Dataset content:
+ + + +

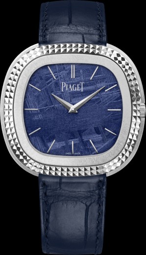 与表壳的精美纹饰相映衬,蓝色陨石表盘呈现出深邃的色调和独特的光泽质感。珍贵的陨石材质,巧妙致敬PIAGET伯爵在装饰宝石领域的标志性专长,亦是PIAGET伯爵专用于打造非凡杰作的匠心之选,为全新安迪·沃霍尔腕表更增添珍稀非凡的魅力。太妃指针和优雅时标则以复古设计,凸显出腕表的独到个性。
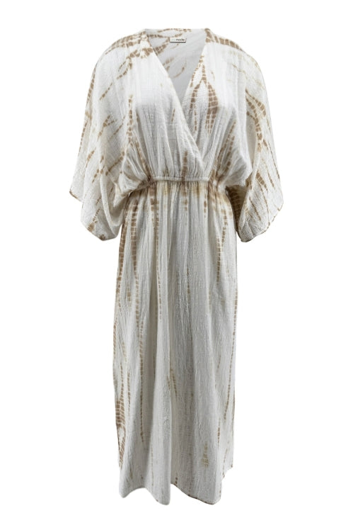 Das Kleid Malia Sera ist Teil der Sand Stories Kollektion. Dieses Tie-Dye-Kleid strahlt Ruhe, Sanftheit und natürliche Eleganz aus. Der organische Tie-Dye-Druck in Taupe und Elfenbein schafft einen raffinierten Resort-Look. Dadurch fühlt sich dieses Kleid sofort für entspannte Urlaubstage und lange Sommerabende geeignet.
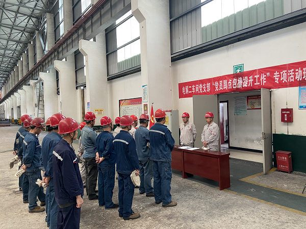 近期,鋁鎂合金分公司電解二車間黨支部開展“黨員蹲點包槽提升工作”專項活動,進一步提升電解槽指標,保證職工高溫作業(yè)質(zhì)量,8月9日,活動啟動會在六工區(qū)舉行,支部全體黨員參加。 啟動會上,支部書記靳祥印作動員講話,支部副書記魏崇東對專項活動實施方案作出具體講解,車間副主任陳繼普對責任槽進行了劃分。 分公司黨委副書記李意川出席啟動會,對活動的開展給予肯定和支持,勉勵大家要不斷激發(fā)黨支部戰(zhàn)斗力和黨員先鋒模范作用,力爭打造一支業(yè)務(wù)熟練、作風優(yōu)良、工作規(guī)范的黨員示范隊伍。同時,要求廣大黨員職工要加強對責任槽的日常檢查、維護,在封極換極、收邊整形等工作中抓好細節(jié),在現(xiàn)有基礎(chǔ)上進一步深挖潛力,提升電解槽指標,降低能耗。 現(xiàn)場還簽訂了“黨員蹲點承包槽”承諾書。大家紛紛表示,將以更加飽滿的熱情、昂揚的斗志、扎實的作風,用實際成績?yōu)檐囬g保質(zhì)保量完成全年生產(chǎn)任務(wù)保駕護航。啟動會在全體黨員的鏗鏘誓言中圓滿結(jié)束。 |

+ + + +

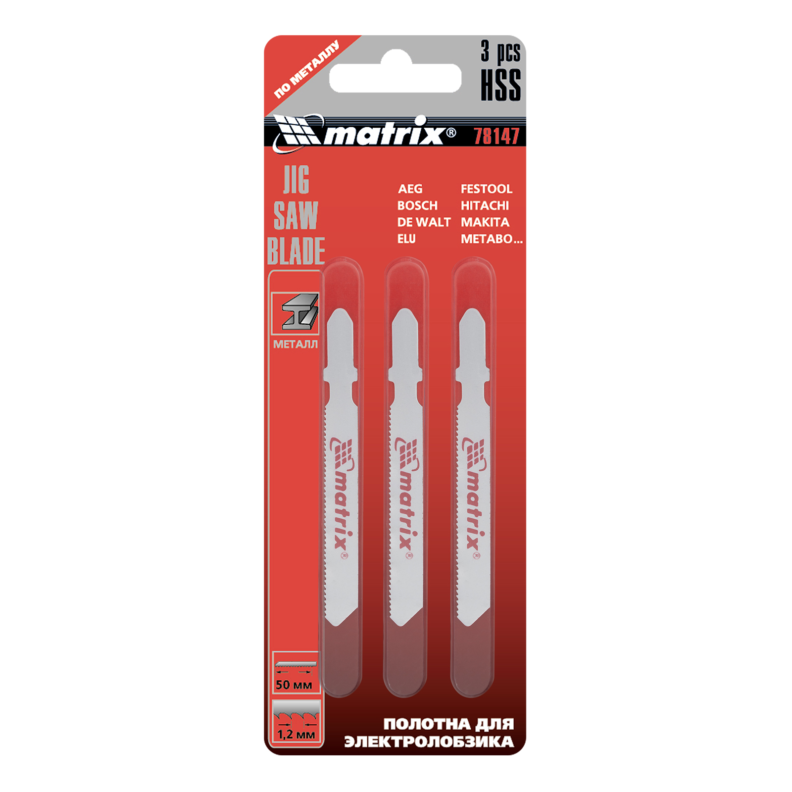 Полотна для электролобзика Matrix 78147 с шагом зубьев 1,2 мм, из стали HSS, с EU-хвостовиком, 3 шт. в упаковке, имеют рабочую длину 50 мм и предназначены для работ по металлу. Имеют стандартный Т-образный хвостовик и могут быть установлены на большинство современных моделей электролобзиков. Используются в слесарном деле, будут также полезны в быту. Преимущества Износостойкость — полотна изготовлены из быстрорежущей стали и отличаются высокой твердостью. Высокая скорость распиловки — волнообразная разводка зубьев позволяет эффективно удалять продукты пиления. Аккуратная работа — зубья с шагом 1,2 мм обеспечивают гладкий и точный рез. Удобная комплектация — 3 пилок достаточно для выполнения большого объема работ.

+ + + +

Look above for the line containing "与表壳的精美纹饰相映衬,蓝色", then copy exactly from it through the line containing "Das Kleid Malia", keeping both and leaving out pictures. Add nothing else.

 与表壳的精美纹饰相映衬,蓝色陨石表盘呈现出深邃的色调和独特的光泽质感。珍贵的陨石材质,巧妙致敬PIAGET伯爵在装饰宝石领域的标志性专长,亦是PIAGET伯爵专用于打造非凡杰作的匠心之选,为全新安迪·沃霍尔腕表更增添珍稀非凡的魅力。太妃指针和优雅时标则以复古设计,凸显出腕表的独到个性。
 Das Kleid Malia Sera ist Teil der Sand Stories Kollektion. Dieses Tie-Dye-Kleid strahlt Ruhe, Sanftheit und natürliche Eleganz aus. Der organische Tie-Dye-Druck in Taupe und Elfenbein schafft einen raffinierten Resort-Look. Dadurch fühlt sich dieses Kleid sofort für entspannte Urlaubstage und lange Sommerabende geeignet.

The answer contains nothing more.